Notice, there is nothing in this definition that requires “six pieces of information” (that’s another regulation for another time.) Ultimately, if you have a request that is made in accordance with procedures used for the type of credit requested, you have an application.  


Hold that thought. We’ll come back to it. Let’s talk about notifications first. 

Approvals & the 30-Day ECOA Rule

Approval notification is the most pleasant part of this rule. A lot of people don’t realize it, but Regulation B §1002.9(a)(1) says that once we have enough information to approve a loan, we are required to notify the applicant of that fact within 30 days. The nice thing about this requirement, and the reason we don’t think about it much, is that there is no formal, written approval that must be sent. The notification may be express or by implication. For example, if we make the loan, it counts as notification (assuming it’s done in 30 days.) If we issue the applicant a credit card, it also counts as notification. 

There may be times when written notice is appropriate, though. For example, if you take a request for a mortgage preapproval, the best way to demonstrate approval may be through a letter you send stating that the applicant has been preapproved. The rule doesn’t disqualify verbal notification, but it will be more challenging to demonstrate that you have met the 30-day requirement if you don’t send a written letter which can be retained as your proof. 

Adverse Action & the 30-Day Rule

This notification is not as much fun, but it’s the one we probably think of most often when we talk about Regulation B’s 30-day rule. Once we have enough information to determine that we are going to take adverse action on a request, Regulation B §1002.9(a)(1) says we must notify the applicant of our decision within 30 days. While adverse action usually comes in the form of a denial to grant a credit request, it also includes a refusal to increase a line of credit when a customer requests it, termination of an existing account, or an unfavorable change to an existing account.  

One big difference you should note in this section is that notification of adverse action must be in writing for all consumer applicants (See Regulation B §1002.9(a)(2)-(3)). There’s not a verbal or implied option in this scenario. You do get some flexibility in the type of notification you provide to business applicants, however. Business applicants have some oral notification options depending on their size. Regardless of the applicant type, though, the notification of adverse action must occur within 30 days.   
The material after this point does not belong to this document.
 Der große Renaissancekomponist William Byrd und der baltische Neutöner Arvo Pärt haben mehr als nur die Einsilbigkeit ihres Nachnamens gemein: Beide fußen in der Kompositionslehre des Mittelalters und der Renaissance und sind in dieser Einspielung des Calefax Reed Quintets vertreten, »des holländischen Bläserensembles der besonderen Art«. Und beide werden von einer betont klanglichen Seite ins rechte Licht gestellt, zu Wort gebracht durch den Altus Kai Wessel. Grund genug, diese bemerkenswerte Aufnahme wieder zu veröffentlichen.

Completed Applications & the 30-Day Rule

Okay, back to the completed application. Both 30-day notification requirements we’ve discussed so far are based on receipt of a completed application. In other words, you have enough information to make a decision about the request. Regulation B §1002.2(f) defines a completed application as a request in which “a creditor has received all the information that the creditor regularly obtains and considers in evaluating applications for the amount and type of credit requested (including, but not limited to, credit reports, any additional information requested from the applicant, and any approvals or reports by governmental agencies or other persons that are necessary to guarantee, insure, or provide security for the credit or collateral).”  
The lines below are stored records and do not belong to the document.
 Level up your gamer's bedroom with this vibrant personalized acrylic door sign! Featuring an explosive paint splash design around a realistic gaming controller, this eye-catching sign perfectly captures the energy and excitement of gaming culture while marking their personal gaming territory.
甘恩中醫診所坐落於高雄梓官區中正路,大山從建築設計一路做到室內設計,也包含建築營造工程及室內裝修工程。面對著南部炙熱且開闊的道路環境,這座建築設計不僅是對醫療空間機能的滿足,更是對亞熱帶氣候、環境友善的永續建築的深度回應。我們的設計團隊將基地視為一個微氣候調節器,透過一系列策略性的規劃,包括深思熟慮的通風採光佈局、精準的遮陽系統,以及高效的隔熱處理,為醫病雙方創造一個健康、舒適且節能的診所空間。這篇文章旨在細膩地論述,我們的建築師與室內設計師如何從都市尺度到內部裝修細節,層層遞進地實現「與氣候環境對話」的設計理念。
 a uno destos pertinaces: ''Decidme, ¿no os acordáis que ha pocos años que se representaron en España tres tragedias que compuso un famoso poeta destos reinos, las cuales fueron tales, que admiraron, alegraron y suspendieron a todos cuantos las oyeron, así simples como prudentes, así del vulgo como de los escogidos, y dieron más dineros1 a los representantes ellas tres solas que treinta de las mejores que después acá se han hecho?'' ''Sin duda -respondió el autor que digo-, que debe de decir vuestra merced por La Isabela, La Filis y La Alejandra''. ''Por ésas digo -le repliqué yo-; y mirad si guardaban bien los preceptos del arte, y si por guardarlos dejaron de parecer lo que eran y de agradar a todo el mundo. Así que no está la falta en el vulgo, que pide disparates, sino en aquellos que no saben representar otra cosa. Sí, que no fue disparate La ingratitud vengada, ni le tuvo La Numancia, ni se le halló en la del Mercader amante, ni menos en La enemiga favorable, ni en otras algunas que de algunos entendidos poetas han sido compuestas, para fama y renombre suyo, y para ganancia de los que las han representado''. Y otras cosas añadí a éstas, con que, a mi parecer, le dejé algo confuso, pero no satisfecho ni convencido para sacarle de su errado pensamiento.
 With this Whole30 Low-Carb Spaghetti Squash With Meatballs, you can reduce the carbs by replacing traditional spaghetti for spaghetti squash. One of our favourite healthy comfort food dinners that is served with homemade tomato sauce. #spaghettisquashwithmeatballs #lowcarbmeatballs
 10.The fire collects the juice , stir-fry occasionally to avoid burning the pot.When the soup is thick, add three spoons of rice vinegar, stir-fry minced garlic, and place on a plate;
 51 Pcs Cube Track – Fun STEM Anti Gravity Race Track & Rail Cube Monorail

First, I want to emphasize that a completed application does not always mean you will have the six pieces of information you may look for in a mortgage application. For example, if you receive a request for a mortgage preapproval, you may have everything you would need to approve a traditional mortgage request except a property address (because one hasn’t been identified yet.) It’s still a completed application for that particular type of request. Alternatively, you may obtain the applicant’s credit report and know right away that you will be taking adverse action on a request. That’s a completed application too. The rule of thumb is that if you have enough information to evaluate the request and make a decision, you have a completed application for Regulation B. The regulation gives specific examples of this in the commentary to §1002.2(f). 

Incomplete Applications & the 30-Day Rule

So let’s assume you DON’T have enough information to either approve or deny the loan because the applicant hasn’t provided it to you. You can just sit on it, right?  


 Regulation B addresses this scenario too, first in §1002.2(f). At the end of the list of information that may be considered to be part of a completed application, the regulation says, “The creditor shall exercise reasonable diligence in obtaining such information.” 

Okay, fair enough. But where does the 30-day ECOA rule come into play? 

Let’s take a look at Regulation B §1002.9(c). This section sets the standard for the “reasonable diligence” we must perform in obtaining the information we need when an application is incomplete. It requires us to send notification to an applicant in 30 days . . . even if we don’t have enough information to make a decision. We have a couple options for this notification: 

  1. Send an adverse action notification (basically denying the request because we don’t have enough information to make a decision); or  

  2. Send a written notification that the application is incomplete. 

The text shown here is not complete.